ゲノム配列からウィルス配列を同定してアノテーションをつける VIBRANT

　細菌や古細菌に感染するウイルスは世界的に豊富であり、ほとんどの環境で宿主の数を上回っている [ref.1,2,3]。ウイルスは、感染時に宿主細胞の代謝状態を再プログラムすることができる義務的な細胞内病原性遺伝要素であり、多様な環境下で毎日20～40％の微生物を溶解させる可能性がある[ref.4, 5]。ウイルスは、その豊富さと広範な活動により、炭素、窒素、リン、硫黄などの必須栄養素の循環に寄与しているため、微生物群集の重要な要素となっている[ref.6,7,8,9,10]。ヒトのシステムでは、ウイルスは炎症性腸疾患などの様々な疾患を引き起こす可能性のある共生障害に関与していることが示唆されており、免疫システムとの共生的な役割を果たしていることさえある[ref.11,12,13]。

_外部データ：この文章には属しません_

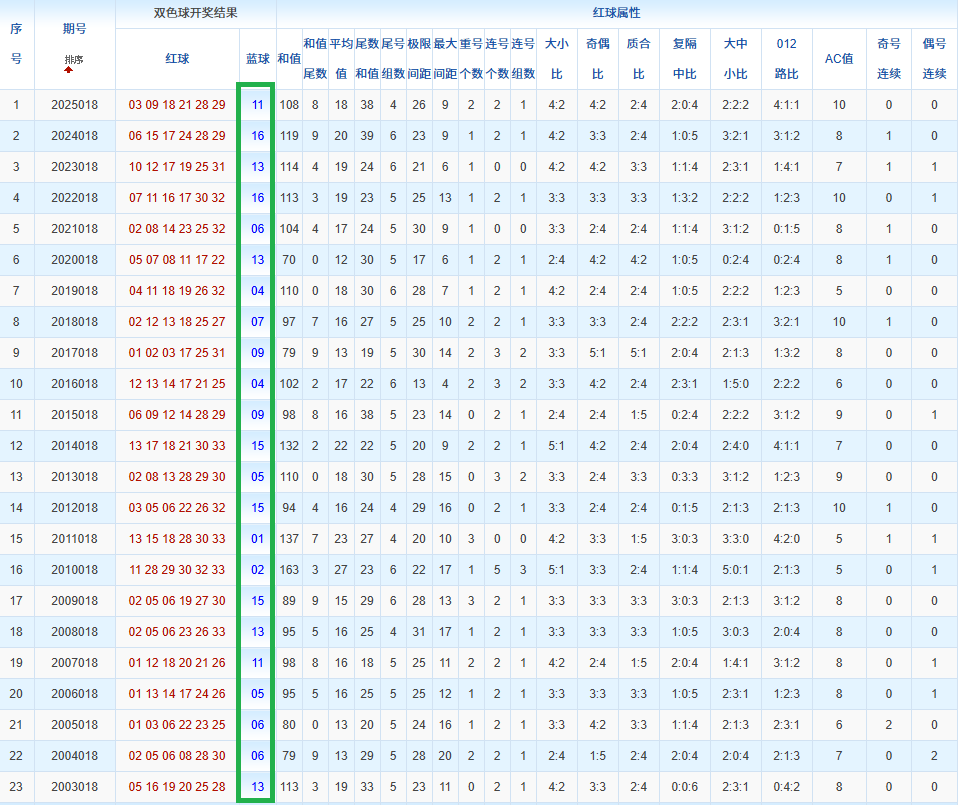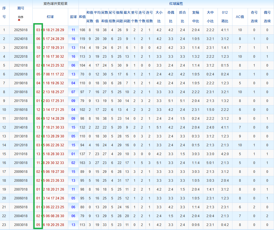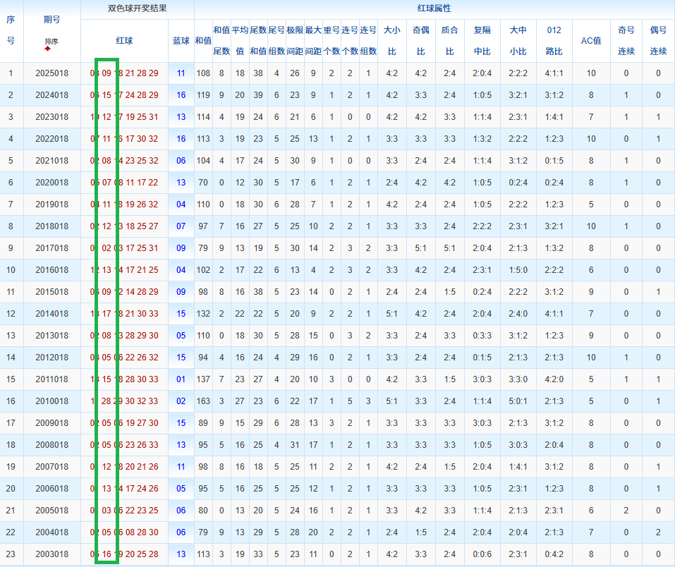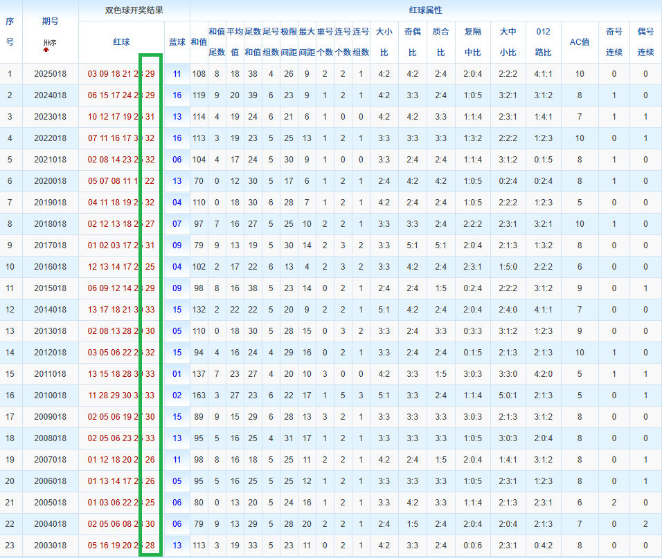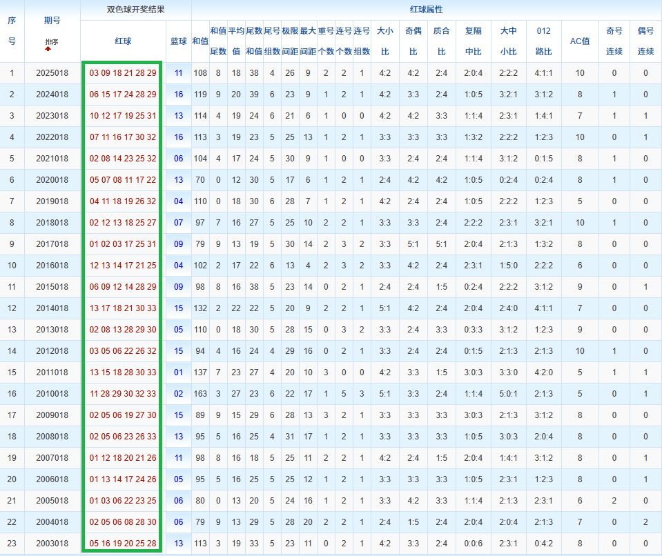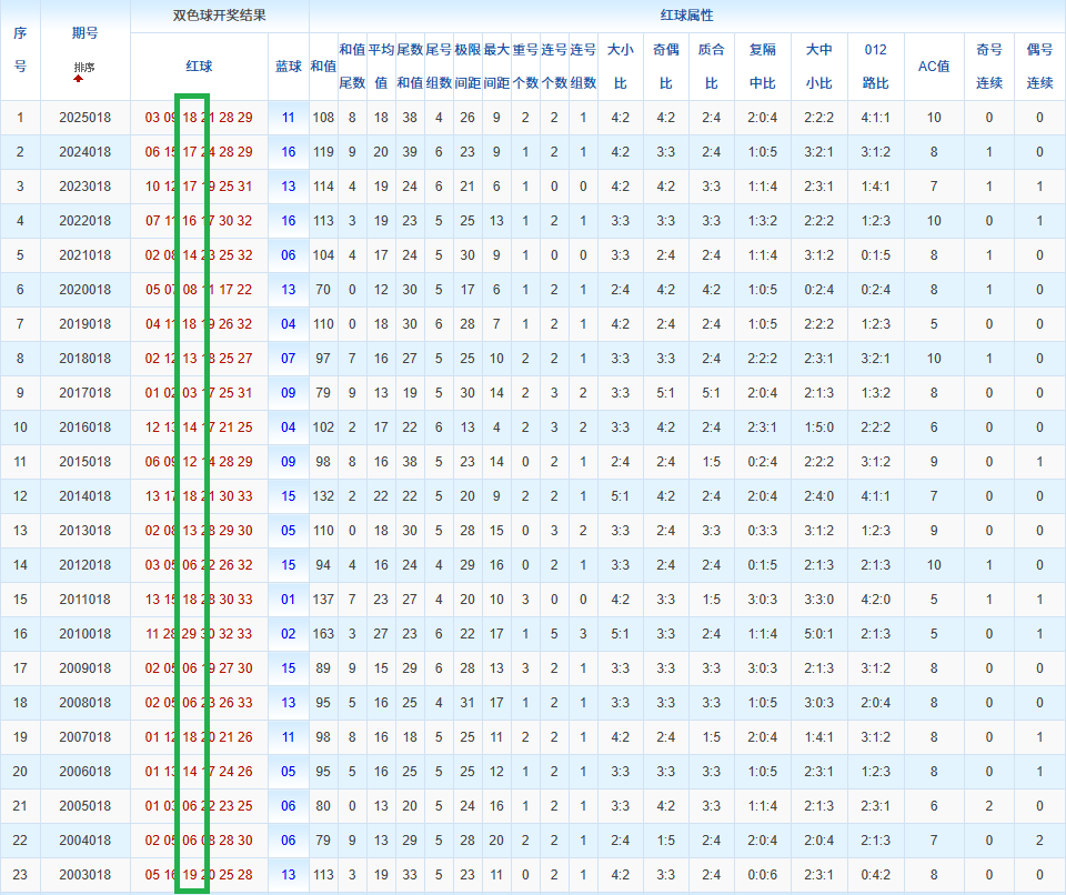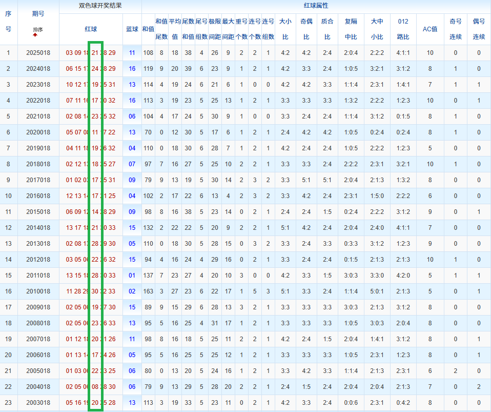 通过观察,我发现双色球往年同期的开奖数据与本期号码之间存在显著关联。具体来说,在红球中,从第一位至第六位,通常会有约4个位置上的数字与往年同期相同位置的号码一致;而蓝球号码中,也有多期开奖结果直接包含了往年同期的数字。因此,我们可以借助往年同期各位置上的号码,作为分析本期开奖情况的重要依据。在此基础上,还可结合往年同期的其他相关条件,进行综合性的号码组合推荐。
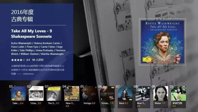之前的好奇是rufus如何将十四行诗构成传统意义上完美的十六乐句,他的编曲方式不出乎意料但是出奇沉稳,流行乐元素的大量运用提高了普通听众的接受度,但很难说是不是一件好事——robertooo

　ウイルスは、遺伝子の内容、配列、コードされた機能の多様性に大きな可能性を秘めている[ref.14,15,16,17]。その遺伝的多様性を認識し、新規抗微生物薬候補、バイオテクノロジー応用のための酵素、バイオレメディエーションのためのこれらのウイルス配列を「マイニング」することに大きな関心が寄せられている[ref.18,19,20,21,22]。最近では、ウイルスが代謝プロセスを特異的に駆動することにより、栄養素の生物地球化学的循環を直接結びつける可能性があることがわかってきている[ref.23,24,25,26,27]。例えば、ウイルスは感染時に、宿主の代謝を引き継いで指示することで、必要な栄養素の40～90％を周囲の環境から獲得することができる[ref.28,29,30]。宿主の代謝フレームワークを操作するために、一部のウイルスは宿主から代謝遺伝子を選択的に「盗む」。これらの宿主由来の遺伝子は、補助代謝遺伝子（AMG）と総称され、感染時に積極的に発現し、ウイルスにフィットネス上の優位性を与えることができる [ref.31,32,33,34]。マイクロバイオームにおけるウイルスの役割を研究し、生態系機能のモデルにウイルスを組み込む必要性から、微生物群集全体の中でどのような配列がウイルスに由来するかを決定することが非常に重要になってきた。これらの配列には、遊離ウイルス、活動的な細胞内感染（これは、ある時点で全細菌の30％にも及ぶ可能性がある[ref.35]）、粒子または宿主に付着したウイルス[ref.36]、および宿主に統合されたウイルスゲノムまたはエピソームウイルスゲノム（すなわち、プロウイルス）が含まれる。

（一部省略）

　より最近のツールはVirSorterの代替または補足ツールとして開発されてきた。VirFinder [ref.41]は、機械学習を実装し、ウイルス予測のアノテーションデータベースから完全に独立した最初のツールであり、後にPPR-Meta [ref.42]で実装されたプラットフォームであった。VirFinderは、ウイルスが8ヌクレオチド頻度の特徴的なパターン（8-merと呼ばれる）を示す傾向があることを考慮して構築されたが、これはウイルスが宿主と非常に類似したヌクレオチドパターンを共有できるという知識にもかかわらず提案されたものである[ref.43]。これらの8-merパターンは、500 bp以下の短い配列を迅速に分類し、モデルに基づいたスコアを生成するために使用されるが、スコアのカットオフを定義するのはユーザー次第である。VirFinderはVirSorterと比較してウイルスの回収能力を大幅に向上させることが示されたが、機械学習モデルのトレーニング中におそらくはリファレンスデータベースに関連したバイアスから、多様なウイルスを予測する際にホストとソース環境にかなりのバイアスがかかっていることも示された[ref.41]。さらに、特定の環境からのウイルスの回収率が低いことも確認されている[ref.44]。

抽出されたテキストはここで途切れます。